Not in Love with the GNU Radio Scheduler (Part 1)

28 May 2016 GNU Radio / Scheduler

While I usually try to avoid digging into the GNU Radio scheduler, there’s one problem that buggs me again and again: run to completion all too often does not run to completion but causes the flow graph to hang forever, waiting for someone to CTRL-C. This is especially annoying with unit tests, simulations, and, generally, with flow graphs that are intended to run without user interaction.

The problem with run to completion flow graphs was also reported in GNU Radio Issue #797. This post is supposed to provide some context and a more verbose description of the pull request I made several weeks ago.

With the introduction of asynchronous messages, the scheduler became much more involved. The current implementation is full of reduntant code, (throttled) busy waiting, goto instructions, and synchronization uglynesses. While it could clearly need some cleanup, the code is at the core of GNU Radio, its highly complex, and it seems like nobody wants to touch it.

System Handler

One issue that came up several time is shutting down of flow graphs. At some point, a system port (or system handler) was introduced to simplify the process. The idea is that each block has a system message port, hidden in GNU Radio Companion, that can be used to signal termination. If a special message is received through the handler, it sets the d_finished variable through:

void
block::system_handler(pmt::pmt_t msg)
{
  //std::cout << "system_handler " << msg << "\n";
  pmt::pmt_t op = pmt::car(msg);
  if(pmt::eqv(op, pmt::mp("done"))){
      d_finished = pmt::to_long(pmt::cdr(msg));
      global_block_registry.notify_blk(alias());
  } else {
      std::cout << "WARNING: bad message op on system port!\n";
      pmt::print(msg);
  }
}

The first strange thing is that it expects a long, only to cast it to a boolean. I guess this would better be a boolean, or in this case a pmt::PMT_T, so I changed it in the pull request. d_finish is also a boolean, so why confuse people here.

The second thing is that it calls notify_blk and, thus, notifies itself that someting interesting happened. It does that by signaling input and output condition variables.

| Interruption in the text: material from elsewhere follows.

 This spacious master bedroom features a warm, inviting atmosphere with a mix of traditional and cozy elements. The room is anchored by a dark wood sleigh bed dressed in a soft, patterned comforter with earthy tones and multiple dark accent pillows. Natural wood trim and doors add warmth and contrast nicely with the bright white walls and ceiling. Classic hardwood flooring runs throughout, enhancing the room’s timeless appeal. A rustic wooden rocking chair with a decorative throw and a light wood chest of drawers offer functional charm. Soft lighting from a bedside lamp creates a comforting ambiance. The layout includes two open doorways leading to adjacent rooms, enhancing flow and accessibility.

If the block would be sleeping, while blocked on input or output this would make sense, but since it’s currently processing a message that’s basically a void and, therefore, deleted in the pull request. (Maybe this made sense in a prior version when the system handler was a public function that could be called by another block, i.e., from another thread.)

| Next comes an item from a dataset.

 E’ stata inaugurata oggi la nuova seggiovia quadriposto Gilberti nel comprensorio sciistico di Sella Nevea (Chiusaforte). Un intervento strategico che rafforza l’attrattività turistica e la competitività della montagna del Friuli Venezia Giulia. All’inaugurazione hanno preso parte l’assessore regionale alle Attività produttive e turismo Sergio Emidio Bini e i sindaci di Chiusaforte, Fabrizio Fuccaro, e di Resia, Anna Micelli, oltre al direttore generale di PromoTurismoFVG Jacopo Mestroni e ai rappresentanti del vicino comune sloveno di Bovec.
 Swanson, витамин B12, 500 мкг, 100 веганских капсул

OK, so the whole story was about setting d_finished.

block::d_finished

Despite its name, d_finished doesn’t mean that the block is finished, i.e., stops processing samples. Quite the contrary, the value of d_finished is always ignored, except for blocks that don’t have any stream ports, i.e., are pure message blocks. In this particular case d_finished is an indicator to shutdown the block. This is implemented through:

bool
block::finished()
{
  if((detail()->ninputs() != 0) || (detail()->noutputs() != 0))
    return false;
  else
    return d_finished;
}

This has some unfortunate implications, as blocks with at least one stream port cannot be shutdown through the message port. In Issue #797, Paul Graver linked a minimal example that I created to highlight the problem. The flow graph looks like this:

The vector source outputs 20 complex samples, which are subsequently split in two PDUs á 10 samples, converted back to a stream, and dropped. For me it was unexpected that this, rather simple flow graph, cannot be shut down. The problem is the PDU to Tagged Stream block, which ignores the done message. It could only be terminated through the stream port, which is, however, not possible in this scenario.

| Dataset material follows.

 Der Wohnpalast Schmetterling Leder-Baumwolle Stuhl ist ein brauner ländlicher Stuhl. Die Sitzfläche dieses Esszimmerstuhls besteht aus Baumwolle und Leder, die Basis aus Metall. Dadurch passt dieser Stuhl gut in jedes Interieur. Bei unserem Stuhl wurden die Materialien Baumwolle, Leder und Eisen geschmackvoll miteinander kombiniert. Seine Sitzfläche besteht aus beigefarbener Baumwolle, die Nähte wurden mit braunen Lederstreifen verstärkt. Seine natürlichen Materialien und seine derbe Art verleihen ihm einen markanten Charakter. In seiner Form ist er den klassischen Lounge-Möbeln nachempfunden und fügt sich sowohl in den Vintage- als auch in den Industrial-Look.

While there is only this single block in GNU Radio, such flow graphs are frequently used in simulations and unit tests. The GNU Radio unit tests, for example, use some strange workarounds:

self.tb.start()

# post the message
src.to_basic_block()._post(port, msg) # eww, what's that smell?

while dbg.num_messages() < 1:
    time.sleep(0.1)
self.tb.stop()
self.tb.wait()

In my opinion, it would be a good idea to allow shutting down a block through the system port, if it has only message inputs and if it does not produce anymore. That means its work function was called, but it didn’t produce any samples even though there was space available in its output buffers. And this is exactly what the pull request is supposed to implement through

if(block->finished() && s == block_executor::READY_NO_OUTPUT) {
    s = block_executor::DONE;
    d->set_done(true);
}

Waiting for READY_NO_OUTPUT asserts that the remaining samples are processed also if the shutdown message was already produced. The rest of the pull request is only whitespace and using the possibility to make the unit tests nicer. The code above, for example, is then

src.to_basic_block()._post(port, msg)
src.to_basic_block()._post(pmt.intern("system"), pmt.cons(pmt.intern("done"), pmt.PMT_T))

self.tb.start()
self.tb.wait()

There are some more things, which, I think, should be addressed, but I will write about them in a future post.